Event: kai-complete — fires when streaming finishes.

Feeding an AsyncIterable

import '@kitn.ai/ui/elements';

const el = document.querySelector('kai-response-stream');

async function* tokenStream(res) {
  const reader = res.body.getReader();
  const decoder = new TextDecoder();
  let buffer = '';

  while (true) {
    const { value, done } = await reader.read();
    if (done) break;
    buffer += decoder.decode(value, { stream: true });

    const lines = buffer.split('\n');
    buffer = lines.pop();

    for (const line of lines) {
      const s = line.trim();
      if (!s.startsWith('data:')) continue;
      const payload = s.slice(5).trim();
      if (payload === '[DONE]') continue;
      try {
        const delta = JSON.parse(payload).choices?.[0]?.delta?.content;
        if (delta) yield delta;
      } catch { /* skip keep-alives */ }
    }
  }
}

const res = await fetch('/api/chat', { method: 'POST', body: '...' });
el.text = tokenStream(res); // pass the AsyncIterable directly

Passing a finished string

Assigning a complete string runs the reveal animation without a live connection — useful for replaying or previewing a cached response.

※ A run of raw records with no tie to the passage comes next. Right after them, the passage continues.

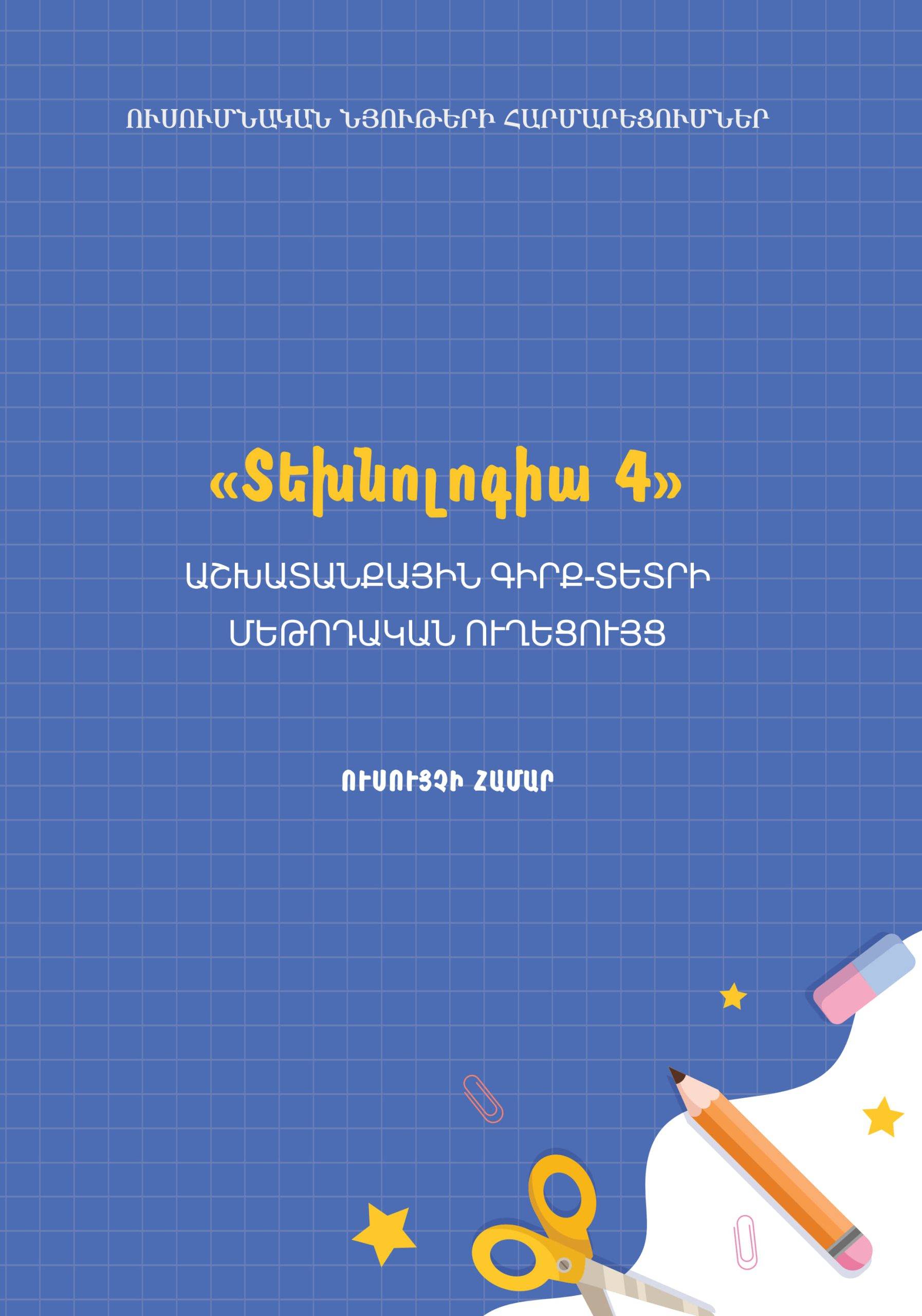 «Տեխնոլոգիա 4» աշխատանքային գիրք-տետրի մեթոդական ուղեցույցը յուրօրինակ մեթոդական քարտեզ է, որը ներառում է ցուցումներ գիրք-տետրում ընդգրկված առաջադրանքների իրականացման սկզբունքների, մոտեցումների, եղանակների, ուսումնառության առանձնահատկություններ ունեցող սովորողների համար դրանց մեկնաբանման և արդյունավետ կիրառումն ապահովելու վերաբերյալ: Ուղեցույցում ներկայացված են գիրք-տետրով աշխատելու մեթոդաբանությունը, մոտեցումները, յուրաքանչյուր առաջադրանքի իրականացման նպատակն ու տրամաբանությունը, կատարման քայլաշարն ու հաջորդականությունը։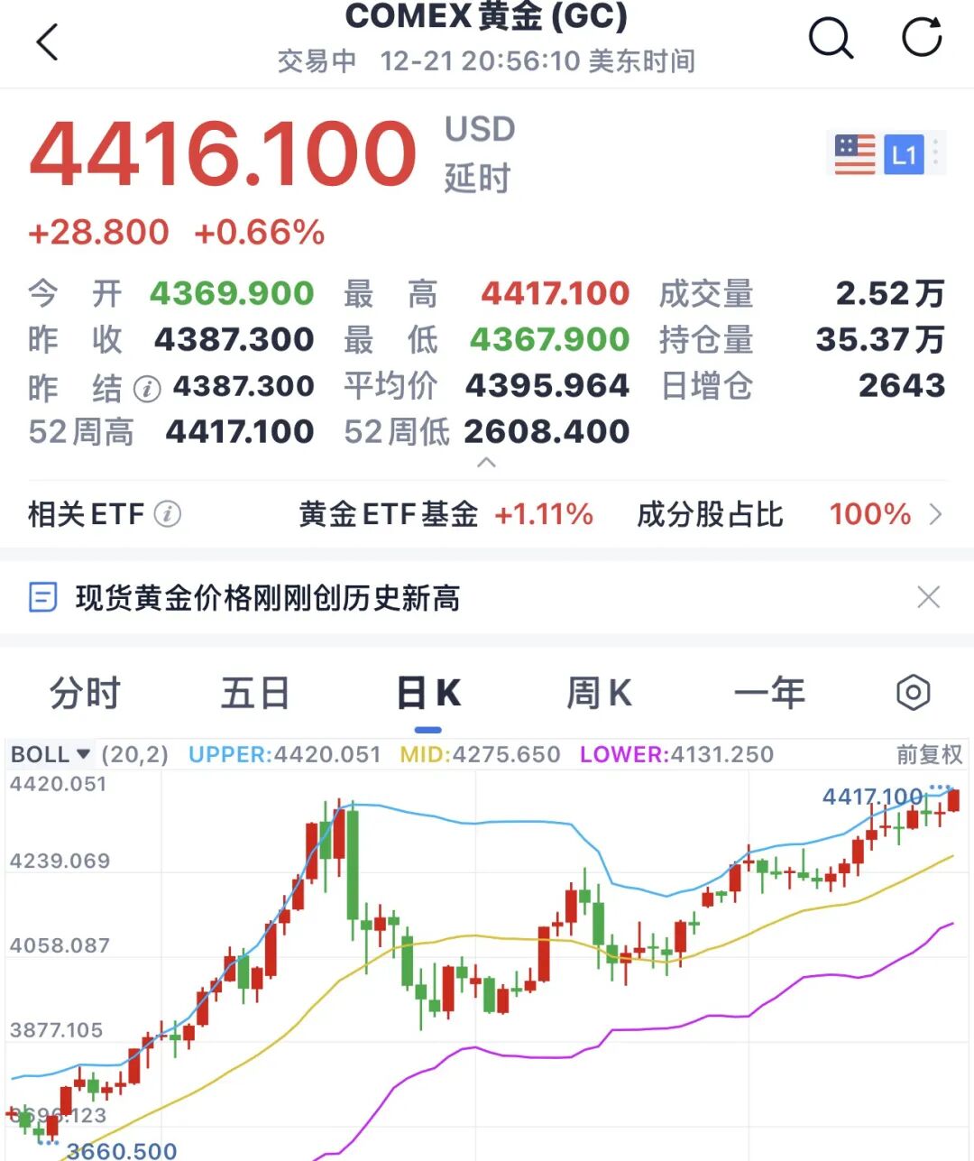 盘整两个月的黄金今天冲击2025/10/20日的前期高点,终于突破压力再创新高。白银跟涨创新高$68.64。
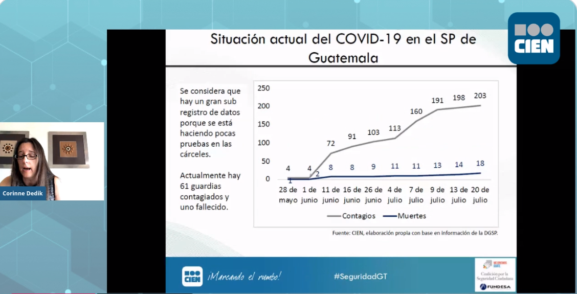 "En Guatemala, en el SP hay oficialmente al lunes, 203 reclusos contagiados por #COVID19 y 61 guardias penitenciarios, de los cuales desafortunadamente uno falleció" comenta @CorinneDedik en #SeguridadGT "pero no se han hecho pruebas masivas y probablemente haya subregistro."pic.twitter.com/3w7rUVDKQF

el.text = 'The assistant response rendered with the typewriter effect.';

Choosing an approach

Scenario	Use
Full chat UI with history	`kai-chat` + mutate `messages`
Isolated response widget	`kai-response-stream`
Replay a saved response	`kai-response-stream` with a string
Render finished markdown	`kai-markdown` with a `content` string

kai-markdown accepts only a static content string and renders it immediately — use it when the full text is available, not for live streaming.